The treaty effectively ended warfare between the Teutonic Knights and the Grand Duchy of Lithuania, which had continued with brief interruptions since the 13th century. The last volunteer crusaders arrived in October 1422, after that the Knights had to rely on their own men or on mercenaries. It was a welcome development to Lithuania, as the treaty allowed it to direct its attention towards its Eastern territories and to internal reforms. War-devastated border regions in Samogitia and Suvalkija began to recover. However, the Polish–Teutonic disputes were not resolved. In a telling episode shortly after the treaty had been signed, the Knights and the Poles disputed a watermill in Lubicz, a strategic post which had been turned into a fortress. Vytautas was angered by the dispute and threatened to give up Palanga to the Knights if Poland did not surrender its claims to Lubicz. The Knights won this dispute.

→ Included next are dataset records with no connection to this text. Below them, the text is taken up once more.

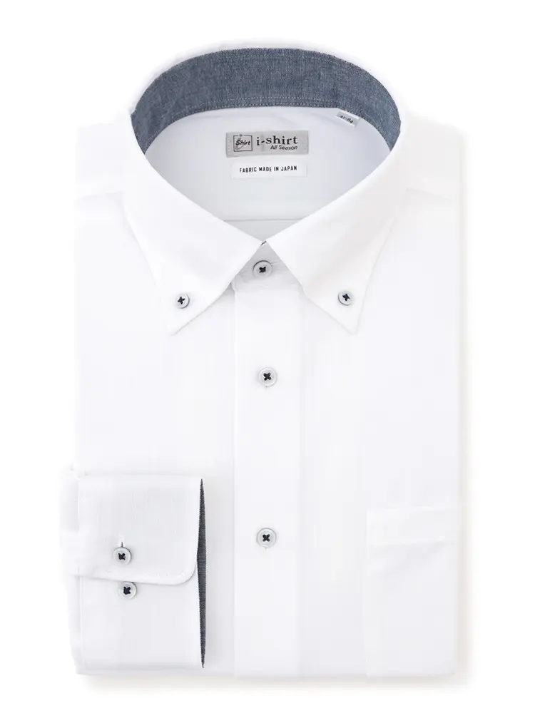 • ホワイト 【アイシャツ】 長袖Yシャツ ボタンダウン チェック 抗菌加工 吸汗速乾 形態安定 通年 | はるやま公式通販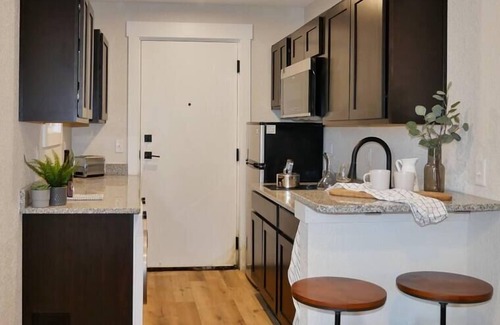 There is a cozy living room with a TV, a great kitchen with all the amenities you'll need to make a meal in, and the bathroom and bedroom are a retreat with fresh linens and great ambiance and decor.
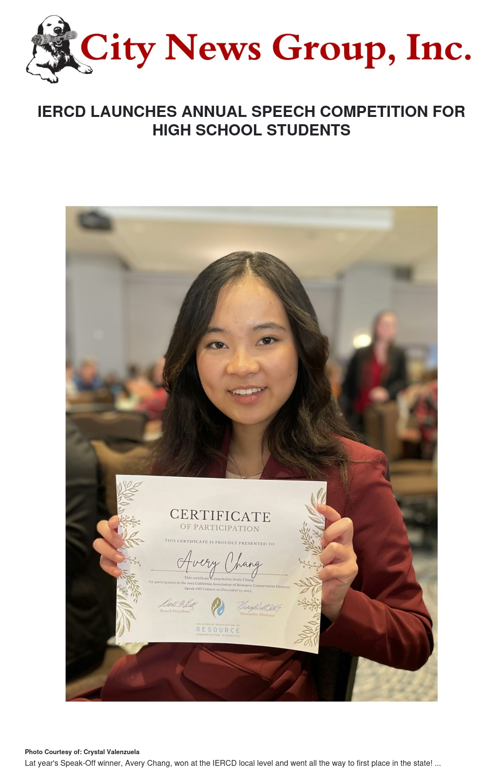 IERCD LAUNCHES ANNUAL SPEECH COMPETITION FOR HIGH SCHOOL STUDENTS by Crystal Valenzuela - City News Group, Inc.
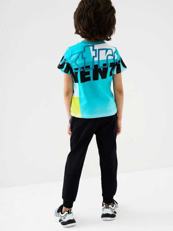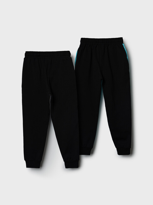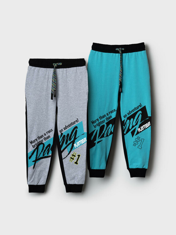 Комплект детских брюк-джоггеров для мальчика. Набор из двух джоггеров выполнен из хлопкового трикотажа джерси. Модель прямого кроя со средней посадкой на талии. Пояс выполнен на резинке, дополнительно регулируется шнурком. По бокам — удобные карманы. В нижней части брючин предусмотрены эластичные трикотажные манжеты для лучшей фиксации. Украшены принтами.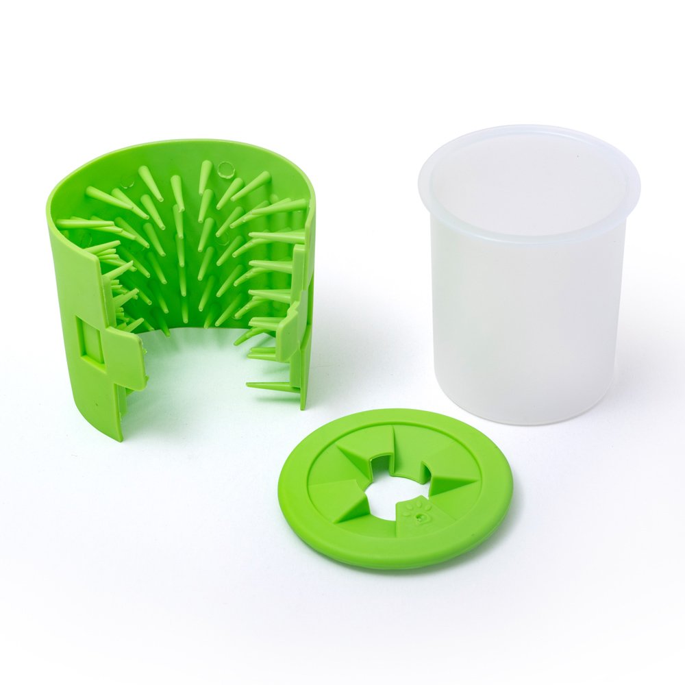 В контейнерчето на уреда има гумени иглички, които с помощта на малко водата в него почистват с лекота лапите на Вашето куче и запазват дома Ви чист.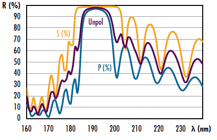 图 11: 使用分光光度计捕获的 TECHSPEC® 准分子激光镜样本反射率光谱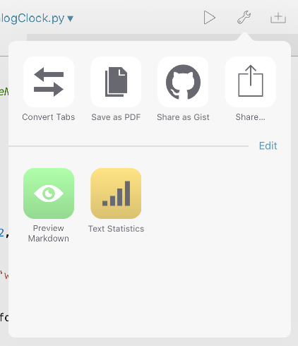 编辑器的一个非常强大的功能是它本身是可编程的。你可以使用editor模块替换文本,定位光标等。然后可以将自己的脚本添加到动作(“扳手”)菜单,以便在处理代码时可以直接从编辑器中运行它们。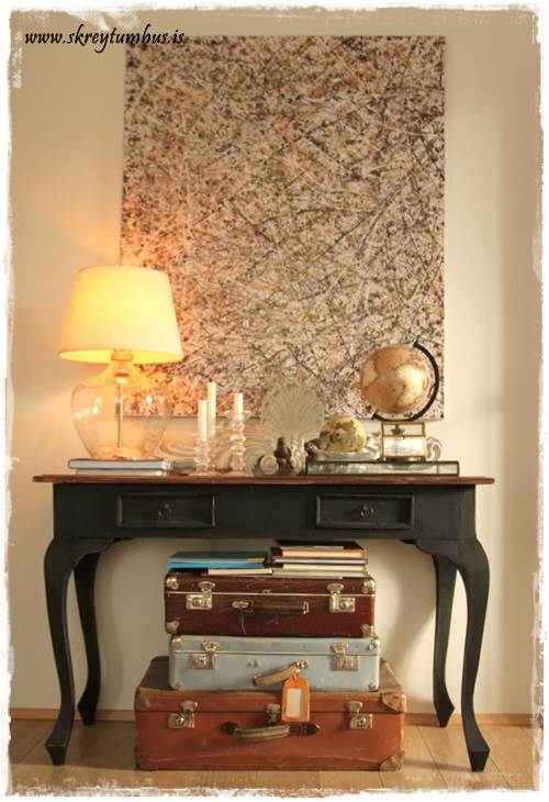 Hrikalega flott! Fyndið samt, mér finnst málningin á hliðarborðinu vera dökkgrá en ekki svört…var að velta fyrir mér (þangað til ég sá að þú hafðir notað sömu málningu) af hverju þú hefðir notað dökkgráa á hliðarborðið! Svona getur birtan blekkt mann!

The treaty put an effective end to the Polish–Lithuanian cooperation against the Knights. The Teutonic Knights attempted to befriend the Lithuanians, offering a royal crown to Vytautas in hopes of breaking up the Polish–Lithuanian union. During the Lithuanian Civil War (1431–1435), Lithuanian Duke Švitrigaila was able to employ the Polish–Teutonic animosity for his own advantages – the Knights invaded Poland, starting the Polish–Teutonic War. The two states battled again during the Thirteen Years' War (1454–66), a civil war that tore Prussia in half.

The agreement drew the Prussian–Lithuanian border roughly and imprecisely, resulting in local demarcation disputes. The border was redrawn with greater detail and precision in 1532 and 1545. The border survived without major changes until World War I. In 1919, the Treaty of Versailles detached the Klaipėda Region (Memel Territory) from Germany as a League of Nations mandate. Lithuania annexed the region in 1923. The southern portion of the border, with small modifications, still survives as the border between Lithuania and Kaliningrad Oblast, Russia.